Will passing a variable of an integral type to functions by reference be more efficient than by value?

I know what he said, passing a variable of any integral type, such as int, double, long double, etc. for function; this should be done by value, but I'm curious that from the point of assembly (in performance or in space) there would be no situation where an integral type variable with a size larger than pointers, such as a long double on my platform of 8 bytes and Larger than pointers 4 bytes in size will the link be more effective?

+6
c ++ performance function assembly parameter-passing
source share
4 answers

Passing a pointer / reference to an integer value greater than the native size of the pointer may well be locally optimal, but it's hard to say whether it will be globally optimal. It largely depends on the use of value.
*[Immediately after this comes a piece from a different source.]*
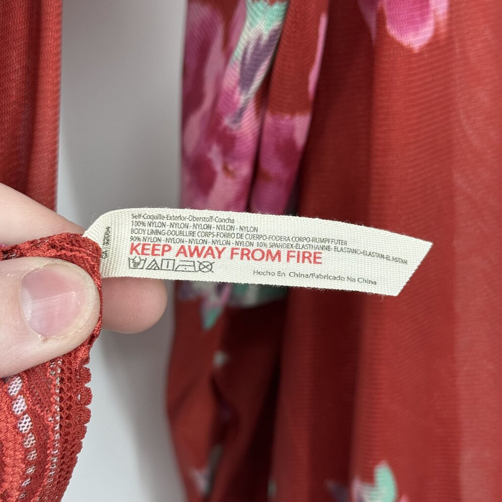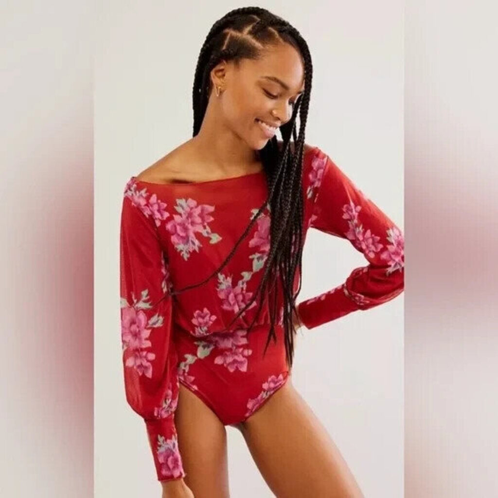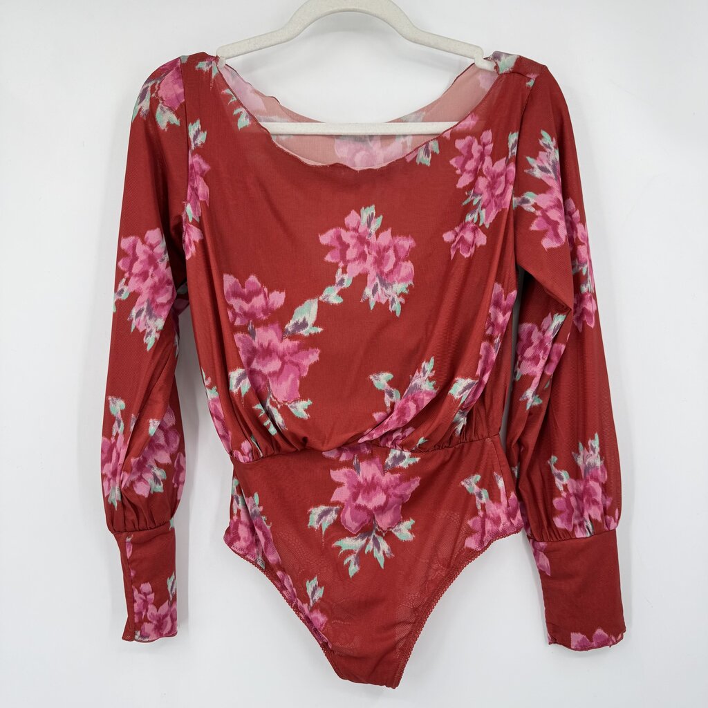 women Free People Undercover Floral Printed Bodysuit Scarlett Pink Green Knit Top S

If it is really an integer and is considered to be called, it is likely that at some point the value will be loaded into one or more registers in any case (for the program to perform arithmetic by values, for example) additional overhead in the called call for dereferencing a pointer. If the interlocutor is built in by the optimizing compiler, it is possible that the compiler will simply pass an integer value divided into two registers. If, however, the called cannot be embedded (for example, if it refers to a third-party API), then the compiler cannot perform this kind of attachment, and, indeed, passing a pointer can be more efficient, although you are unlikely to find a library that there are functions that accept an integer pass by reference, if it is not so that the callee can change the value of the caller: this introduces a number of problems.

Most often, a modern optimizing compiler will come closer to an optimal solution, taking into account all these things, and it is usually best that the programmer does not try to preempt the compiler with premature optimization. In fact, this can lead to less efficient code.

The most sensible thing in most cases is to write your code in such a way as to best communicate your intent (rolling values ​​for types "value", unless the argument is - using C # terminology - semantically the "out" or " reference ") and worry about performance only if there is a performance bottleneck.

+5
source share

Test, test, test, disassemble, disassemble, disassemble.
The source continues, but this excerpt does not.